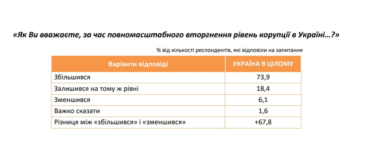 "Подавляющее большинство опрошенных жителей Украины (73,9%) считают, что за время полномасштабного вторжения уровень коррупции в Украине вырос. Значительно меньшее количество респондентов (18,4%) считают, что за время полномасштабного вторжения уровень коррупции в стране не изменился, и лишь 6,1% респондентов считают, что уровень коррупции за указанный период времени уменьшился. Такое восприятие указывает на высокий уровень общественной чувствительности к проявлениям несправедливости и злоупотреблений во время войны, когда граждане ожидают максимальной мобилизации ресурсов на оборону и не терпят даже незначительных отклонений от моральных стандартов. Рост субъективного ощущения коррупции является не только отражением реальных случаев злоупотреблений, но и результатом "медиализации" этой темы, когда коррупционные сюжеты активно тиражируются в информационном пространстве, формируя атмосферу обобщенного недоверия к властным институтам", – говорится в исследовании.
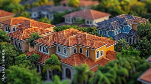 home, roof, architecture, greenery, landscape, residential, tile, design, colours, nature, suburb, community, property, garden, environment, sunlight, structure, urban, aesthetic, real estate, luxury, neighbourhood, palm, tree, view, peaceful, vibrant, modern, style, building, exterior, cosy, warm, inviting, serene, tropical, contrast, elevation, detail, space, layout, symmetry, calmness
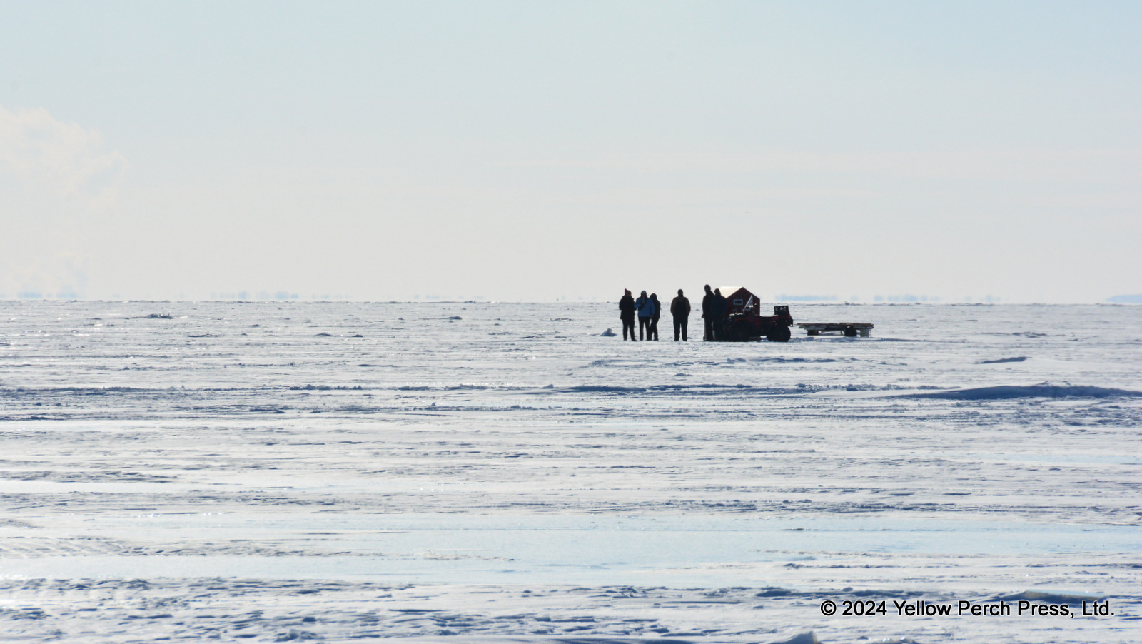 Long-awaited Lake Erie ice delivers the iconic winter ice-fishing scenes off the West Shore of South Bass Island this weekend. While no ice is “safe ice,” thickness appears to be in the vicinity of 6″ and good enough for all-terrain-vehicles and ice shanties. The conditions may not last long, as daytime temperatures will rise to the low 40°’sF and rain is in the forecast by midweek.
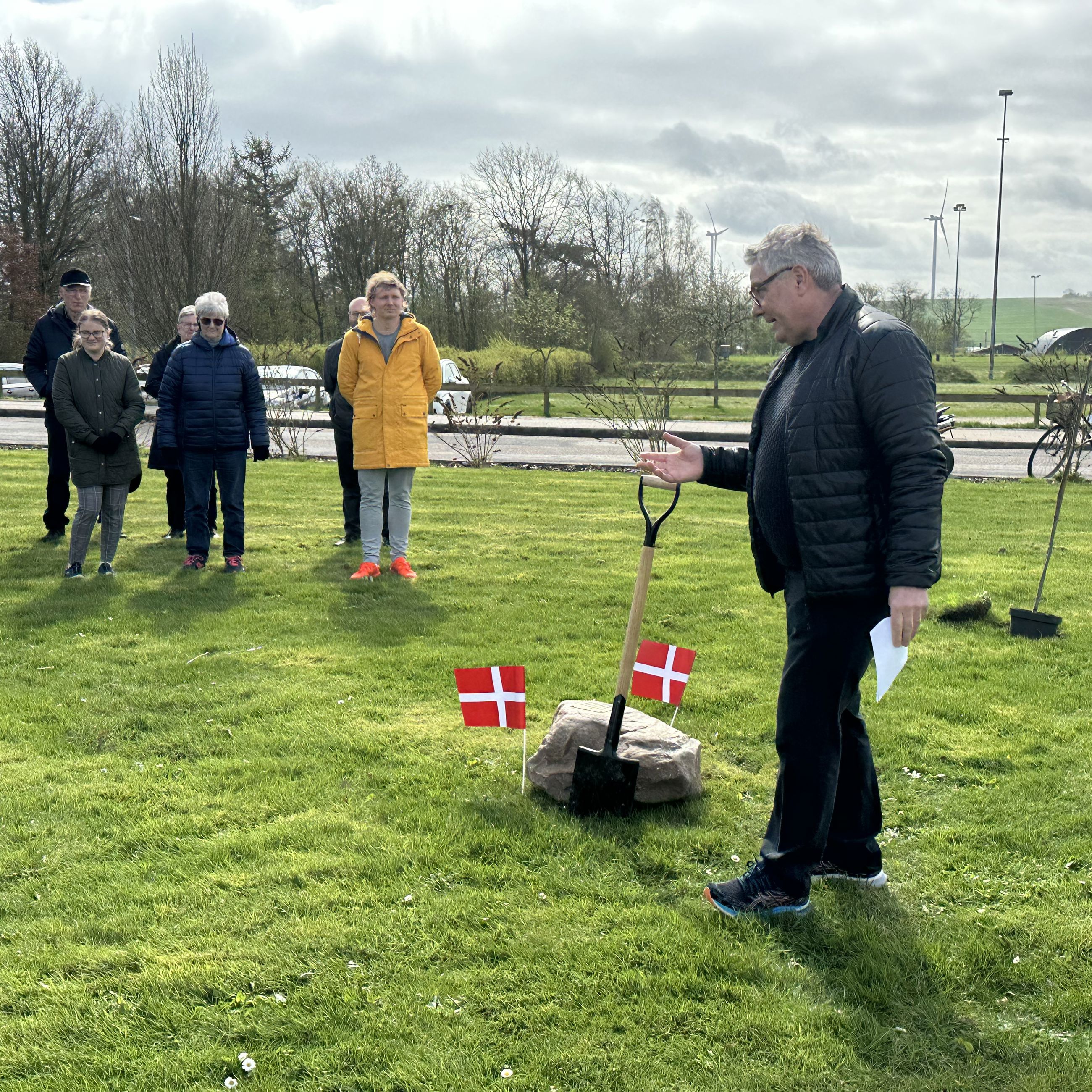 Byrådsmedlem Kasper Fuhr Christensen holdt tale ved træplantningen. Han var glad for at være med til at fejre dagen netop i Gjerlev. "En by med godt fællesskab, aktive og dejlige foreninger og flere steder at mødes".

# # # #

» **Work to complete**: Using the material above, return every line exactly as it appears, minus the pictures.

» **Result of this exercise**:
 "Подавляющее большинство опрошенных жителей Украины (73,9%) считают, что за время полномасштабного вторжения уровень коррупции в Украине вырос. Значительно меньшее количество респондентов (18,4%) считают, что за время полномасштабного вторжения уровень коррупции в стране не изменился, и лишь 6,1% респондентов считают, что уровень коррупции за указанный период времени уменьшился. Такое восприятие указывает на высокий уровень общественной чувствительности к проявлениям несправедливости и злоупотреблений во время войны, когда граждане ожидают максимальной мобилизации ресурсов на оборону и не терпят даже незначительных отклонений от моральных стандартов. Рост субъективного ощущения коррупции является не только отражением реальных случаев злоупотреблений, но и результатом "медиализации" этой темы, когда коррупционные сюжеты активно тиражируются в информационном пространстве, формируя атмосферу обобщенного недоверия к властным институтам", – говорится в исследовании.
 home, roof, architecture, greenery, landscape, residential, tile, design, colours, nature, suburb, community, property, garden, environment, sunlight, structure, urban, aesthetic, real estate, luxury, neighbourhood, palm, tree, view, peaceful, vibrant, modern, style, building, exterior, cosy, warm, inviting, serene, tropical, contrast, elevation, detail, space, layout, symmetry, calmness
 Long-awaited Lake Erie ice delivers the iconic winter ice-fishing scenes off the West Shore of South Bass Island this weekend. While no ice is “safe ice,” thickness appears to be in the vicinity of 6″ and good enough for all-terrain-vehicles and ice shanties. The conditions may not last long, as daytime temperatures will rise to the low 40°’sF and rain is in the forecast by midweek.
 Byrådsmedlem Kasper Fuhr Christensen holdt tale ved træplantningen. Han var glad for at være med til at fejre dagen netop i Gjerlev. "En by med godt fællesskab, aktive og dejlige foreninger og flere steder at mødes".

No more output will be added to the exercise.